HOW TO COMPLETE THIS TASK: Could you print the stretch of lines below from the one with "Image 9.1: Dimensional" through the one with "Marquand Library (McCormick Hall)", exactly as they stand and without any pictures?

SUPPLIED RECORDS:
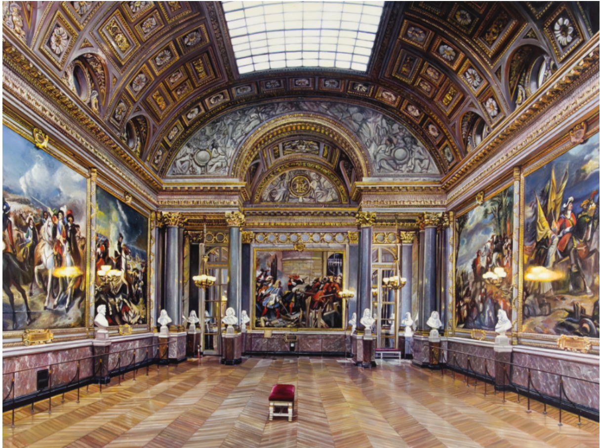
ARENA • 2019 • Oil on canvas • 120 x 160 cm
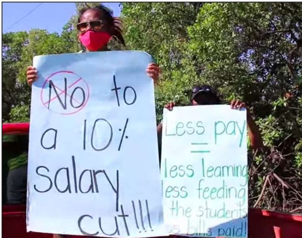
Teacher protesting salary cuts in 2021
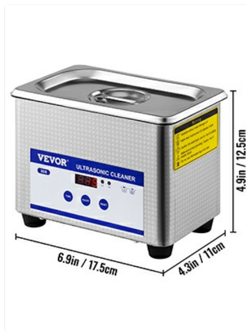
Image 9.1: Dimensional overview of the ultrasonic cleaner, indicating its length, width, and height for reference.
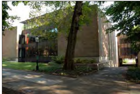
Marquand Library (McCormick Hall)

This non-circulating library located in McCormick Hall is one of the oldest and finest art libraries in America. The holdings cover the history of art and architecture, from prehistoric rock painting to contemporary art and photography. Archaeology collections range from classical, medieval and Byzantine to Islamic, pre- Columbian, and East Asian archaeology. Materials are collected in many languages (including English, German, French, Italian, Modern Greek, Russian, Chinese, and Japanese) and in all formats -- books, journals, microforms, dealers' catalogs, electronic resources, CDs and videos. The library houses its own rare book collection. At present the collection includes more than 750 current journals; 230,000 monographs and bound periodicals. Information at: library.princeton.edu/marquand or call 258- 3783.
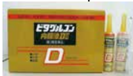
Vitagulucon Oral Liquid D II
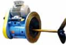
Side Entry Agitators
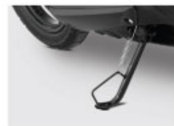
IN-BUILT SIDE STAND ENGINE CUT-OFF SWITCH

* * *

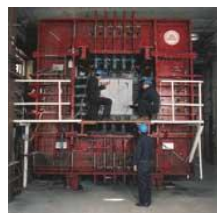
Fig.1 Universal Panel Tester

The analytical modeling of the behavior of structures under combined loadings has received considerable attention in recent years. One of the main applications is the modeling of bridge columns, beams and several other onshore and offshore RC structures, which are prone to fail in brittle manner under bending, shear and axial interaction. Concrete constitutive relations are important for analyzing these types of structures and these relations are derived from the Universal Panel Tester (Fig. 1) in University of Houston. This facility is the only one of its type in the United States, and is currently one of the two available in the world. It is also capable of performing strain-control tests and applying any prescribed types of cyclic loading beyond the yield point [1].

EXERCISE RESPONSE:
Image 9.1: Dimensional overview of the ultrasonic cleaner, indicating its length, width, and height for reference.
Marquand Library (McCormick Hall)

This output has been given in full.